— President Obama, weekly address, Aug. 20, 2011
Those were pretty tough words by the president over the weekend — “the only thing preventing us from passing these bills is the refusal by some in Congress to put country ahead of party,” referring to bills he suggests are bottled up in Congress, including free-trade agreements with South Korea, Colombia and Panama.
Not so fast, cry the Republicans: The White House has never submitted the trade bills to Congress for approval. The issue is so confusing — and Obama has been demanding immediate action for so long — that one White House spokesman actually expressed surprise this month when reporters noted the trade bills have not been submitted.
“Have we not sent them over?” asked Josh Earnest, drawing laughter from the press corps. “I mean, look, clearly the legislative mechanics are something that I’m not intimately steeped in.”
To some extent, this is a chicken-or-egg question. The two sides are so far apart on so many issues that they can’t even agree what came first, though both sides do say that passage of the free-trade deals should be a priority.
A key factor in the delay in submitting the trade pacts is something called Trade Adjustment Assistance (TAA), which was first created in 1962 to help workers and companies deal with the fallout from greater free trade. As the Congressional Research Service documented in an interesting report last month, TAA has frequently been tied to trade deals, in part to win Democratic votes for trade liberalization.
In May, the Obama administration announced that it would not seek approval of the three trade deals unless Congress agreed to restore the TAA, which had been allowed to lapse in February. What came first — the Republicans’ refusal to extend the program, citing its cost, or the administration’s decision to tie TAA to the trade deals?
Or maybe first came the huge expansion of TAA in the stimulus bill by Democrats, which made TAA a target for Republicans? Or maybe it was first the refusal of Democrats to approve the trade pacts — which date back to 2006 — in the waning days of the Bush administration?
See what we mean by chicken-or-egg? Each side can craft the narrative that it wants to make its case.
The dispute seems to be close to a resolution, largely on the administration’s terms. Senate Majority Leader Harry M. Reid (D-Nev.) and Senate Minority Leader Mitch McConnell (R-Ky.) announced earlier this month that an agreement to allow both the trade deals and renewal of TAA to go forward. House Speaker John A. Boehner (R-Ohio) echoed that with his own statement: “I look forward to the House passing the FTAs, in tandem with separate consideration of TAA legislation, as soon as possible.”
“We have made abundantly clear, publicly and privately, that the House is prepared to vote on all three trade agreements and TAA extension in tandem with each other,” said Boehner spokesman Brendan Buck. “The only thing holding us up is the fact those trade bills are still sitting on the president's desk.”
The administration has indicated that Boehner’s statement is a step forward, though they are looking to pin down the details.
“The administration has been eager to send these agreements up for some time now, starting with our offer to submit the U.S.-South Korea agreement several months ago; since that time, we have been working diligently to find a path forward that satisfies concerns in Congress about the completion of all three agreements, as well as Trade Adjustment Assistance,” said Carol J. Guthrie, assistant U.S. trade representative for public affairs.
Guthrie added: “The next step is to nail down remaining specifics on a bipartisan, bicameral agreement to move forward with all three agreements and TAA in a timely fashion.
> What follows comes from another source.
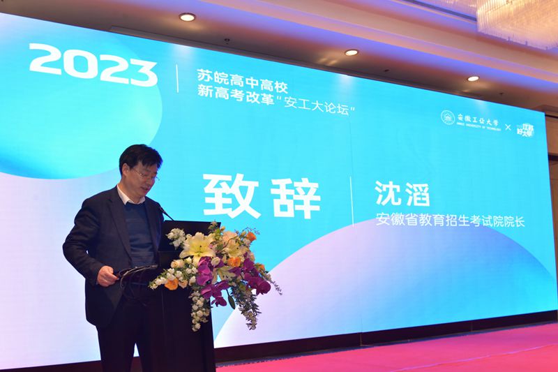 沈滔代表安徽省教育招生考试院对论坛的召开表示祝贺,他指出,安徽和江苏地缘相近、人文相亲,江苏有“好”大学,安徽有“好”学生,江淮有“好”学校。马鞍山因诗而兴名,因钢而建市,既浪漫又直爽,既低调又务实,437bwin必赢国际官网各项办学指标稳步向前,全省排名位列前茅,一马当先,引领潮流。在座的几十所高中学校均是江淮大地高中教育的杰出代表,其中不乏百年名校,有悠久的传承,是全国高校必争之所在。希望通过此次研讨交流,能够充分学习借鉴江苏的好经验好做法,助力安徽高考综合改革平稳落地。

We are particularly pleased with the progress announced by Senate leadership shortly before Congress left for the August recess, and look forward to working with both the Senate and House to finalize a bipartisan, bicameral agreement.”
Once submitted, the trade deals will move on an expedited track and would be subject to an up-or-down vote with no amendments.
The Pinocchio Test
The administration has clearly played a balancing act, trying to attract Democratic support without losing significant Republican backing. We’re not going to judge who is more right on the history leading up to this point, but we do think it is a highly selective recounting of that history for the president to suggest GOP lawmakers are blocking the deal because they are putting party before country. There is actually strong support for these agreements within the Republican Party — just like there is strong support for trade adjustment legislation among Democrats.
There may be a philosophical dispute over aid for companies harmed by free trade, but the administration in the end is responsible for making passage of TAA a condition for submitting the trade deals. Moreover, Obama leaves the distinct impression that Congress is sitting on the bills, when in fact they have not yet been officially submitted for consideration.